• _Information supplied_:
----

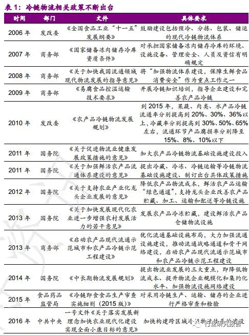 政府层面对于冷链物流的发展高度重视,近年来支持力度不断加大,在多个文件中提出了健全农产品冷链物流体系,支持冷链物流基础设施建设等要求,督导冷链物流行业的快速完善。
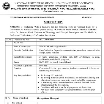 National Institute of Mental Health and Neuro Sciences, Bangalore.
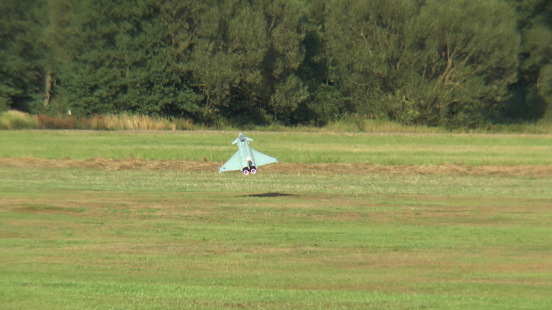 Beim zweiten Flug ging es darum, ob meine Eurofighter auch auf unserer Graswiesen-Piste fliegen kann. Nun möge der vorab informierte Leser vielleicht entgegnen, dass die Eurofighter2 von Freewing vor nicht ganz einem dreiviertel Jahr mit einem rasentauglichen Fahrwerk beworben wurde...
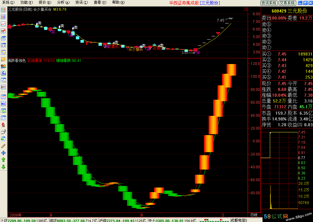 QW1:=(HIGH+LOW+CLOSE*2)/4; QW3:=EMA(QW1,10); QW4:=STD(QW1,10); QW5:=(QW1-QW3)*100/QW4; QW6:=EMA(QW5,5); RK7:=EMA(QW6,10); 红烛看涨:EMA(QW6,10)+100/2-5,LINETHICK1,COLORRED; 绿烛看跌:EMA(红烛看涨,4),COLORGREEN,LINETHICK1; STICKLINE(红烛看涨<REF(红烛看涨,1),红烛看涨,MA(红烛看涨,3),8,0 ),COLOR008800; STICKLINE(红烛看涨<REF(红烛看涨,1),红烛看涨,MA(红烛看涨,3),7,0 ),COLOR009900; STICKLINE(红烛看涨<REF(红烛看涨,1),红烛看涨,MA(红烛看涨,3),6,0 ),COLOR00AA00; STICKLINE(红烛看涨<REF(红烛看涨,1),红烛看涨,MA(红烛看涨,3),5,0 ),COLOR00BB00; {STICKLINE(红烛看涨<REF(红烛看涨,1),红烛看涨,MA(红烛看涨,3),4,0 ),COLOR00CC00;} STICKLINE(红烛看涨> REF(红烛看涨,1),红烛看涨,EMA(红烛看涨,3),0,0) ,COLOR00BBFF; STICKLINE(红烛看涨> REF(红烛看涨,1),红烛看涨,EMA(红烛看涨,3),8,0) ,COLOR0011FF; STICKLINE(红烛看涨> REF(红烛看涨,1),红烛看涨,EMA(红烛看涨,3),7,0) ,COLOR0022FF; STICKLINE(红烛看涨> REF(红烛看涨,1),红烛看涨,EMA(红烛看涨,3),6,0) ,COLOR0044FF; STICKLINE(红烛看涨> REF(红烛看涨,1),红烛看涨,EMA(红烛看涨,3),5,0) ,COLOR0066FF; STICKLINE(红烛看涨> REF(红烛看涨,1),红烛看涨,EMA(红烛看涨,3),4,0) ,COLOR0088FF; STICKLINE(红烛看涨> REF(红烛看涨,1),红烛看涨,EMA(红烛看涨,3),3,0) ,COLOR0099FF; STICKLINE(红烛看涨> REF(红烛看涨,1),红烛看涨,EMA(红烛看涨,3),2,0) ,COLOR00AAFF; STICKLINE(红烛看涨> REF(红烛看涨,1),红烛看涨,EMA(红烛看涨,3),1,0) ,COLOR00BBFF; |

----

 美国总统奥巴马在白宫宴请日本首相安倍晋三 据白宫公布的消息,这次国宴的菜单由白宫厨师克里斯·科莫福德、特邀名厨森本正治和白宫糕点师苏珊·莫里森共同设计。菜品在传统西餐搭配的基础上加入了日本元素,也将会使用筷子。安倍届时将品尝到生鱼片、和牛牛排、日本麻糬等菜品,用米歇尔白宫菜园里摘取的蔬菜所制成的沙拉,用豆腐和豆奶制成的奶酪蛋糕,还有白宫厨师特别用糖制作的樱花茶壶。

----

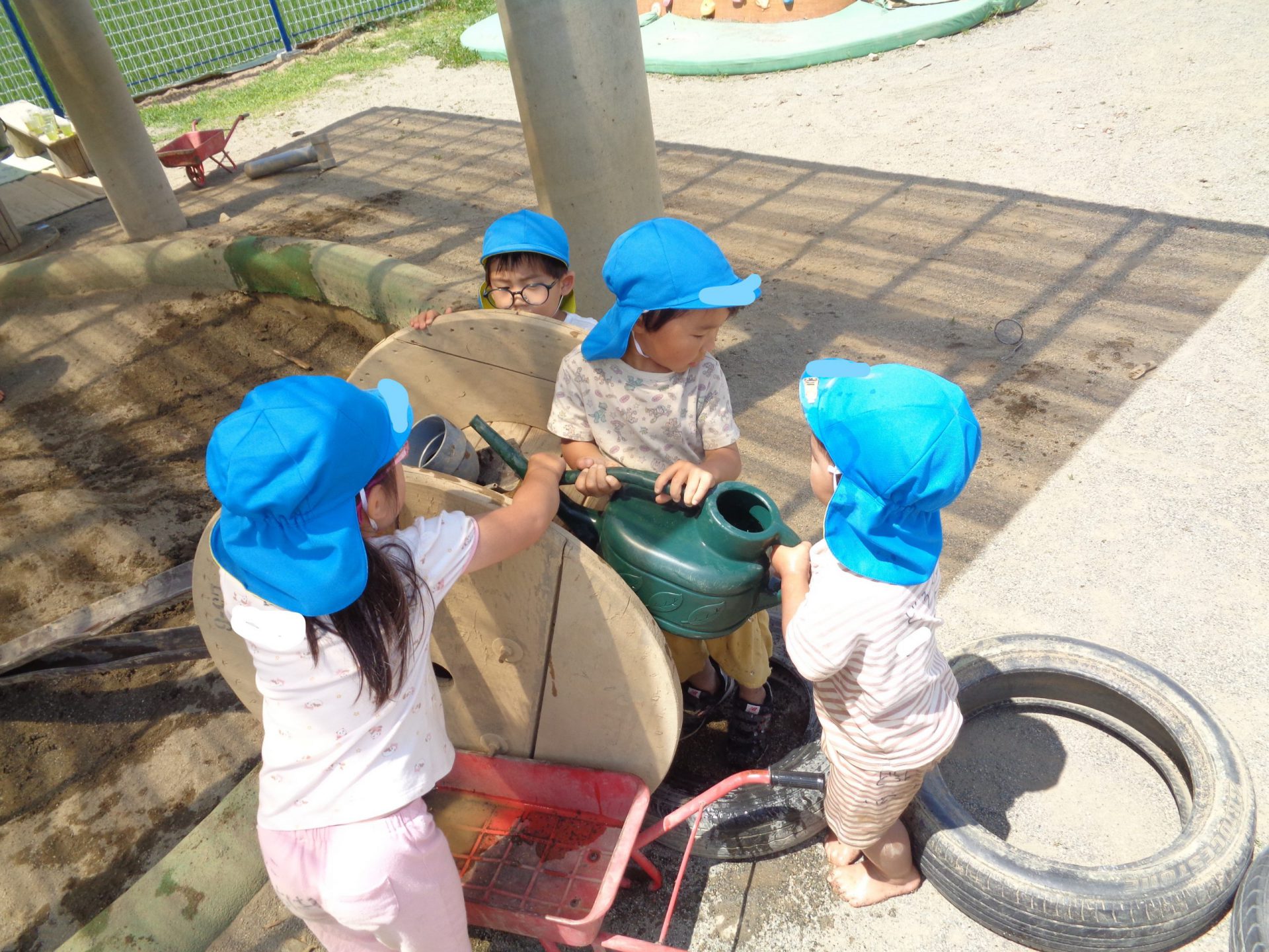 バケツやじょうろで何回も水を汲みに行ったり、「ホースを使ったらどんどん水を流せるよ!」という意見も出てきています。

----

• _Exercise description_: From the records above, return exactly the lines running from the one that contains "政府层面对于冷链物流的发展高" down to the one that contains "Beim zweiten Flug", both included, without any pictures.

• _Solution below_:
 政府层面对于冷链物流的发展高度重视,近年来支持力度不断加大,在多个文件中提出了健全农产品冷链物流体系,支持冷链物流基础设施建设等要求,督导冷链物流行业的快速完善。
 National Institute of Mental Health and Neuro Sciences, Bangalore.
 Beim zweiten Flug ging es darum, ob meine Eurofighter auch auf unserer Graswiesen-Piste fliegen kann. Nun möge der vorab informierte Leser vielleicht entgegnen, dass die Eurofighter2 von Freewing vor nicht ganz einem dreiviertel Jahr mit einem rasentauglichen Fahrwerk beworben wurde...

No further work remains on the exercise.